We start with the Breusch-Pagan test for Heteroskedasticity
```{r}
mpow$sqres = OLSbase$residuals^2
BPreg = lm(sqres~RevGR+eqshare+FCR+age+TotalassetsthEUR, dat=mpow)
BP = nrow(mpow)*summary(BPreg)$r.squared
BP
BPpv = pchisq(BP, length(BPreg$coefficients)-1,lower.tail=FALSE)
BPpv
```
As the $p-value << 1$ we conclude that under the H0 : 'there is no Heteroskedasticity' a value $BP = 57.907$ it is extremely unlikely to be measured.
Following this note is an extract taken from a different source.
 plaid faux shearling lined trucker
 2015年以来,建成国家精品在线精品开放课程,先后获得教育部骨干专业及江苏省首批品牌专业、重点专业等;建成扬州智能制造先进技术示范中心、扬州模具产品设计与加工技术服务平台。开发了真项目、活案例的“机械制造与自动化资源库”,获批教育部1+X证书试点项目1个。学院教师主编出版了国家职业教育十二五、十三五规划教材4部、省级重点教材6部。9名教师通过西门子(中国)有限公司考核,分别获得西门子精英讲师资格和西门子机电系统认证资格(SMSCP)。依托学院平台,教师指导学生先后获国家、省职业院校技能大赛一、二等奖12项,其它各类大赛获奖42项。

Thus we reject the null hypothesis in favor of heteroskedasticity.
Alternatively we can conduct a White-test
```{r}
WTreg = lm(sqres~RevGR+eqshare+FCR+age+TotalassetsthEUR+I(RevGR*RevGR)+RevGR*eqshare+RevGR*FCR
+RevGR*age+RevGR*TotalassetsthEUR+I(eqshare*eqshare)+eqshare*FCR+eqshare*age
+eqshare*TotalassetsthEUR+I(FCR*FCR)+FCR*age+FCR*TotalassetsthEUR
+I(age*age)+age*TotalassetsthEUR+I(TotalassetsthEUR*TotalassetsthEUR), dat=mpow)
summary(WTreg)
WT = nrow(mpow)*summary(WTreg)$r.squared
WT
WTpv = pchisq(WT, length(WTreg$coefficients)-1,lower.tail=FALSE)
WTpv
```
With that test we also have that $p-value << 1$ .We conclude that under the H0 : 'there is no Heteroskedasticity' a value $W = 126.49$ it is extremely unlikely to be measured. Thus we reject the null hypothesis in favor of heteroskedasticity.
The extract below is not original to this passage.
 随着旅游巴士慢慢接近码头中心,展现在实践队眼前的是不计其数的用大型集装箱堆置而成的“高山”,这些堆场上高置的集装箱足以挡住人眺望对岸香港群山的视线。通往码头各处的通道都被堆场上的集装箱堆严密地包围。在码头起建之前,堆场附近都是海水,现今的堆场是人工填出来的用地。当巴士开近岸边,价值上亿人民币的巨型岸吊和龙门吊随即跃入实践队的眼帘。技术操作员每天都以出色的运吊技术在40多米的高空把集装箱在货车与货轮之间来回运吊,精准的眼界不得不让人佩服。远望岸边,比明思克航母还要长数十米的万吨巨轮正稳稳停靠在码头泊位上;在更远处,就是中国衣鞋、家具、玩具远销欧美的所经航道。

A way to resolve the issue of heteroskedastic errors we use robust standard errors, which by construction are wider(and thus more realistic) than the ones from the simple model.
## Autocorrelation
The residuals are correlated over time. Hence, autocorrelation is mostly relevant when working with times series or panel data. Autocorrelation typically leads to downward biased standard errors.
### Detection
- Look at the [scatterplot]{.underline} of the [residuals from t against]{.underline} those [from t-1]{.underline}.
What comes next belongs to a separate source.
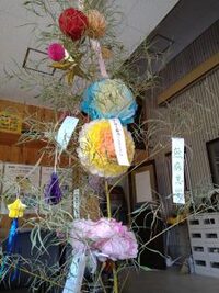 玄関と休憩室に笹を置き、飾り付けしました☆

- [Durbin-Watson test]{.underline}: The test statistic is calculated as: d = $\sum ([u(t)-u(t-1)]^{2})/\sum([u(t)]^{2})$ where
d lies between 0 and 4 and we look up lower and upper d from the table.
### Solutions
- Mostly changing the model specification.
### Example
We consider the time-series data "solardat.csv"
```{r}
library(readr)
soldat <- read.csv("D:/data/Empirical Research/solardat.csv",sep=";")
head(soldat)
```
Let us run a linear model
```{r}
OLSsol = lm(CV_daily~PV_daily_MWh, dat=soldat)
summary(OLSsol)
```
Obtain residuals
```{r message=FALSE, warning=FALSE}
library(Hmisc)
soldat$solres= OLSsol$residuals
soldat$lagsolres = Lag(soldat$solres)
```
Generate the test statistic
```{r}
soldat$difres = (soldat$solres-soldat$lagsolres)^2
soldat$sqres = soldat$solres^2
dtest = sum(soldat$difres, na.rm=TRUE)/sum(soldat$sqres, na.rm=TRUE)
dtest
```
We use predefined function in R to perform the Durbin-Watson test
```{r}
library(car)
durbinWatsonTest(OLSsol)
```
A possible way to resolve the issue of autocorrelation is the following
```{r}
soldat$lagcv = Lag(soldat$CV_daily)
autoco = lm(CV_daily~PV_daily_MWh+lagcv,dat=soldat)
summary(autoco)
durbinWatsonTest(autoco)
```
As we can observe the autocorrelation is now not statistical significant.